Проект «Шароверы» был посвящён группе адептов, хотя, конечно, никакого кружка «шароверов» нет и никогда не будет. Всё началось с того, что Вера Павлова нашла сферу. Я увидела абсолютно потрясающий полукруглый объект: он существует в Кронштадте до сих пор и, наверное, ещё ожидает своего звёздного часа. Захотелось с ним что-то сделать, интерпретировать его. Сложился текст, мы сделали фотографии, и только после сформировалось смысловое ядро — в его основе была психотехника, которая интересовала меня тогда и интересует до сих пор. Центральным нематериальным объектом стала практика сферического восприятия. Думаю, что восприятие само по себе имеет форму, которая отражается в наших представлениях о реальности. Эту сложную форму я пытаюсь разглядеть внутренним взором: она обладает плотностью и фактурой, в ней присутствуют вложенные друг в друга сфера, спираль, тороид. Проект «Шароверы» удалось материализовать в виде инсталляции, где были показаны не все готовые объекты.
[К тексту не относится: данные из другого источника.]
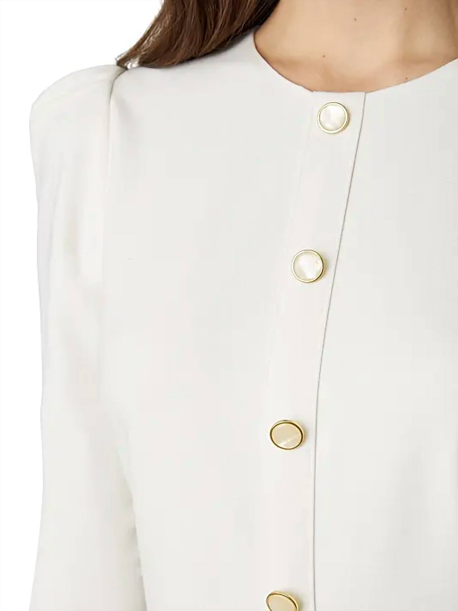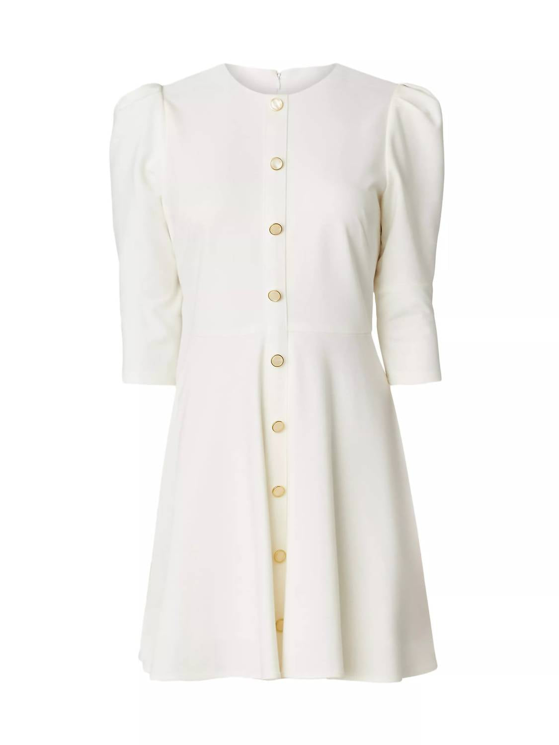 The perfect mini dress for those warmer months. Introducing the Audra Mini Dress by Shoshanna, a stunning piece in elegant ivory designed for your next dinner party. This dress showcases a fit-and-flare silhouette with three-quarter-length puff sleeves and pearlescent rimmed button accents. Crafted from a nylon blend comprising 67% rayon, 28% nylon, and 5% elastane, it features a convenient zip closure. Care instructions recommend dry cleaning to maintain its sophisticated allure.

Теперь эта история закончилась, но некоторые практики могут проявиться в дальнейшем.

Возможно, это получится в новом проекте, тема которого связана с электромагнитной природой. У него пока ещё нет определённого названия: «Электрическое тело», или «Общество Торус», или «Солнечный ветер». Практика сферического восприятия получает своё развитие, и её следующий этап теперь называется «Обретение электрического тела». Время действия новой истории — вторая половина XIX века, начало эпохи, в которой мы сейчас живём. В то время было открыто и внедрено множество технологических инноваций, от фотографии до электричества, которое воспринималось как сверхъестественное и волшебное, с ним было связано немало надежд, и многие из них оправдались. Герои моего нового проекта с помощью практики «Обретение электрического тела» пытаются осознать собственное электромагнитное поле, учатся его видеть и в итоге соединяются со звёздами и Галактикой посредством электромагнитного резонанса.

Продолжается жизнь всех проектов. Может быть, с появлением новых и более интересных уменьшаются интенсивность и моя включённость в них, но какие-то ниточки тянутся, ведь чем внимательнее разглядываешь что-то, тем больше оно раскрывается.

Красота места

Время, в котором существуют истории, появляется само собой: например, эстетика «шароверов» полностью инспирирована Кронштадтом. Когда я переехала сюда 10 лет назад, здесь ещё оставалось много советских артефактов. В последние годы убрали те заводские проходные, где делались фото проекта, облик острова меняется. Заповедник «Западный Котлин» на Кронштадтской косе был абсолютно диким красивым местом с небольшим лесом и пляжем, но потом его начали благоустраивать: сделали деревянные настилы с перилами для прогулок по определённому маршруту, поставили похожие на пюпитры таблички, где, как партитуры, — фотографии животных, информация о лесе с описанием видов птиц и насекомых. Эти таблички и текст на фоне природы стали для меня метафорой современной культуры. Человек не может пройти мимо — он обязательно должен поставить какой-то текст с картинкой. Природа становится человеческим пространством только при наличии описания.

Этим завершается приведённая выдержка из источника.